Из-за своей убежденности в том, что ее никто не любит, она не упускает случая сказать в глаза какую-нибудь противную и неприятную правду, из-за которой ее, конечно, тут же невзлюбят еще сильнее. Она считает, что очень умна и язвительна и что именно поэтому ее и не любят: «Я человек жесткий, - начинает она рассказ, – жесткий, всегда с улыбкой на полных, румяных губах, всегда ко всем с насмешкой».

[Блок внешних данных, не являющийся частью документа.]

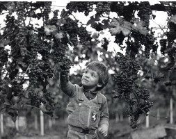 Gianenrico Vendramin ha lasciato importanti testimonianze sulla vita del nostro territorio negli anni ’60/’80 del secolo scorso, e gli scatti esposti a San Vito risalgono per lo più agli anni Settanta del Novecento, quando – osserva il curatore Giancarlo Pauletto - «nel nostro territorio i segni dell’antichissima civiltà contadina non erano ancora del tutto scomparsi e anzi, per la specifica propensione dell’operatore, proprio essi venivano messi particolarmente in evidenza, a contrastarne l’evidente e progressiva sparizione: per testimoniare un tempo che, nella sensibilità del fotografo, si rivestiva certamente della nostalgia di chi era stato bambino negli anni Trenta, e giovane negli anni Quaranta e Cinquanta. Da ciò il tono complessivo di queste foto, un tono elegiaco, coinvolto, simpatizzate e intenerito: senza che questo vada a scapito della sicurezza e della vitalità dell’immagine, che resta in genere pulita e veritiera anche nei casi in cui potrebbe essere una “posa”, cioè un atteggiamento suggerito dall’operatore: ma sarebbero suggerimenti che non fanno altro che rifare la realtà del quotidiano». Ecco dunque in mostra la foto che ritrae nove giovani arrampicati sull’albero, una pratica che per i ragazzi di campagna, era divertimento quotidiano. Ed ecco l’immagine portante della mostra: un bambino sorridente a cavallo di una piccola botte, con la campagna sullo sfondo e, sulla destra, i panni stesi ad asciugare: dalla centralità della sua posizione, padrone dello spazio circostante, il bimbo diventa emblema del tema della mostra. Così come l’altro giovane, “immerso” nella vigna, con i grandi grappoli che lo circondano e verso i quali tende la mano: «anche qui – spiega ancora Pauletto - la centralità della figura è determinante, a stabilire una gerarchia, una sorta di “antropizzazione” del naturale, e però un’antropizzazione assai delicata, il gesto che avvicina il grappolo non è avido, è rispettoso, è quasi un “grazie” detto dal volto appena sorridente».
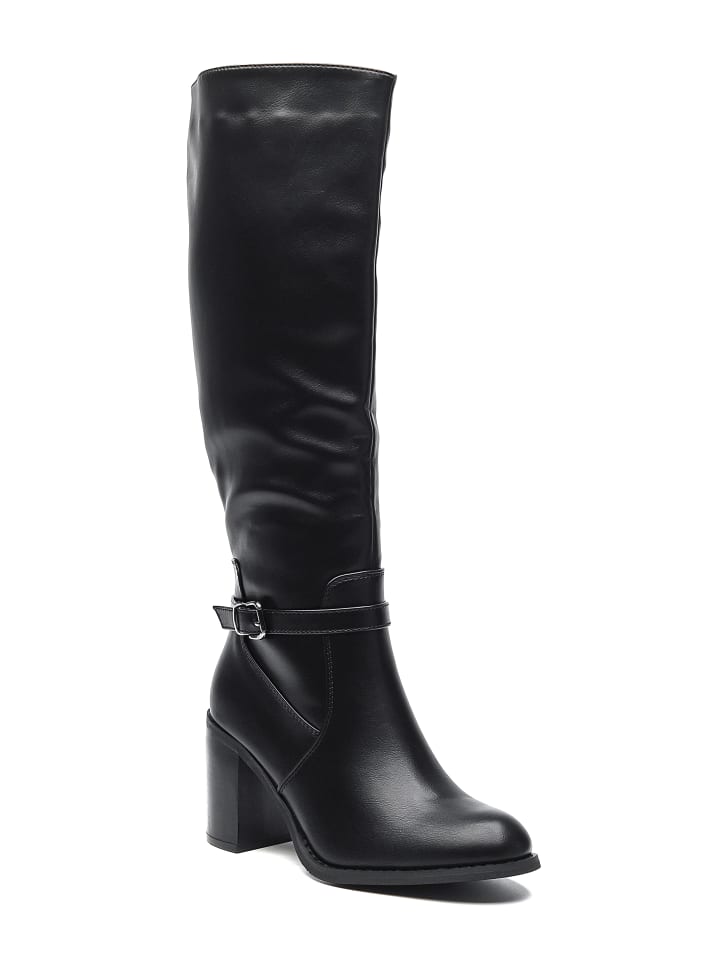 • – materiał wierzchni ze skóry syntetycznej- zapięcie: suwak- noski: zaokrąglone- noski i zapiętki: wzmocnione- detale: ozdobna klamra- forma obcasa: blokowy- podeszwa: bez profilu

Для нее характерно пронизывающее, «жесткое» зрение, заранее лишающее человека возможности высоких чувств, искренности и истинности. Сознательно или бессознательно, но она как бы провоцирует унижающие человека импульсы: унижающие и того, в ком, как предполагает героиня, они возникают, и того, на кого направлены, и того, кто их замечает. Чувство, граничащее с отвращением, которое она внушает всем членам «своего круга», она пытается внушить читателям своим отношением к каждому из героев рассказа. Ее уверенность в несуществовании или неискренности высоких чувств тем страннее, что именно на этих чувствах решает она в конце концов «сыграть», дабы обеспечить счастливое существование своего сына Алеши после своей смерти.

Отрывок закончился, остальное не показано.